Лилька, наконец, снимает свои голубые до коленок трусы и пытается взобраться на это блестящее сооружение. Вопросы стандартные:
– Замужем?
– Какое Ваше дело?
– Господи… рожала?
– Вы видите во мне дурочку?
– Ну, хотя бы с мужчиной спала?
– Как Вам не стыдно… это оскорбление…
Врач веселым голосом:
– Поговори ещё… вот возьму зеркало…
Я за ширмой трясущимися руками натягиваю свою нижнюю одежду. Появляется Лиля, тоже с трусами в руках. Помогая друг другу застегнуть пуговицы на лифчиках. Одетые, направляемся к двери. Врач подходит к нам и тихо по-матерински говорит:
– Девочки, куда вы едете, будьте осторожны.
До сих пор помню тот усталый грубоватый голос.
1950 год. Апрель.
НЕ СМОТРЮ
Сейчас идет фильм «Штрафбат». Сама я его не смотрю, как и все фильмы о войне, о любой войне. Тогда мы жили в Иркутске, в бараке с полуподвалом. В небольшой комнате ютилось восемь. Наш барак стоял при дороге по улице Рабочего-штаба. За городом в неё вливались два тракта: Александровский и Иркутский.

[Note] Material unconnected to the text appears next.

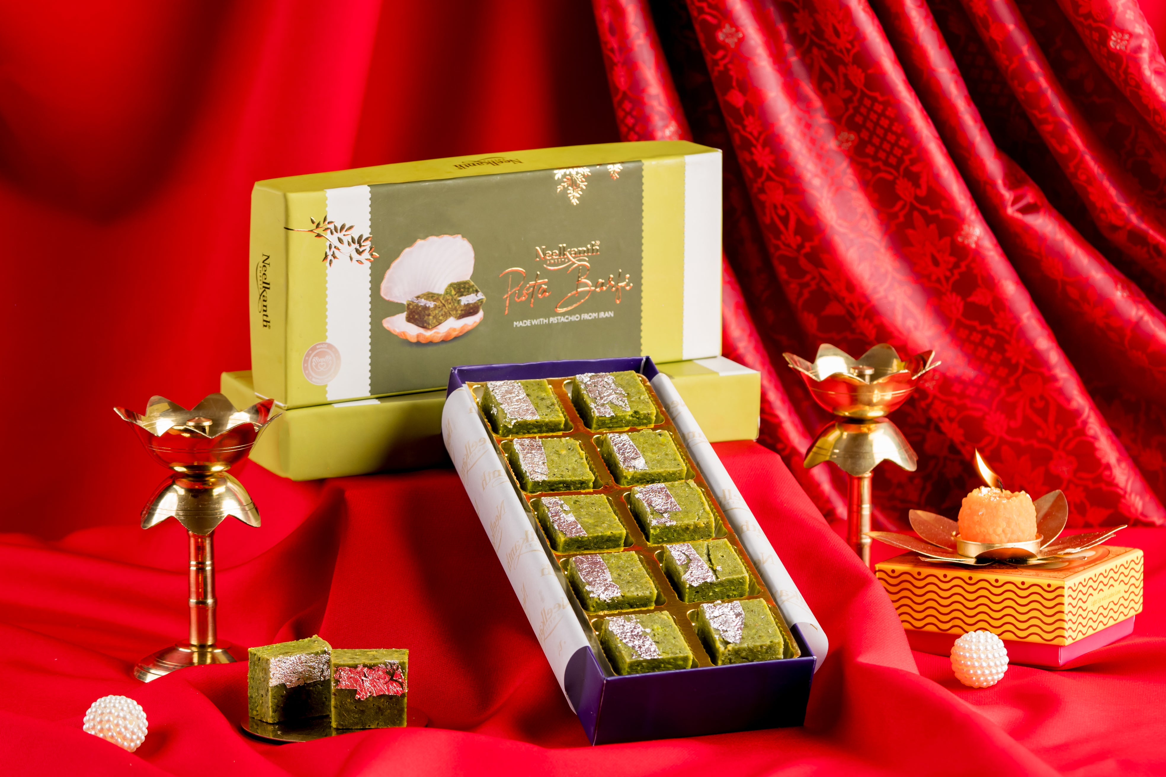 Pista Barfi – A rich and nutty indulgence made from premium pistachios, slow-cooked pure Pistachio from Iran, and a hint of cardamom. Smooth, melt-in-the-mouth texture with a luxurious finish – perfect for festive gifting or a royal treat.

Война шла к концу. Мы это твердо знали после Сталинградской победы. В эти годы на фронте был уже дефицит бойцов. Даже наши мальчишки-одноклассники уходили на фронт добровольцами. Поэтому открыли лагеря. У нас-то их было немерено, особенно сажали по 56 статье, политической. Много было и воров, и мошенников всякого рода, и убийц, и ещё, как говорили, «невинно осужденных». Из них и состояли штрафные батальоны. Их и гнали по нашей улице при охране по ночам на вокзал.
Мы об этом знали и смотрели потихоньку. Их сразу из вагонов и на фронт, под пули и танки. Понятно, здоровые мужики сидят, хлеб едят, а дети голодуют.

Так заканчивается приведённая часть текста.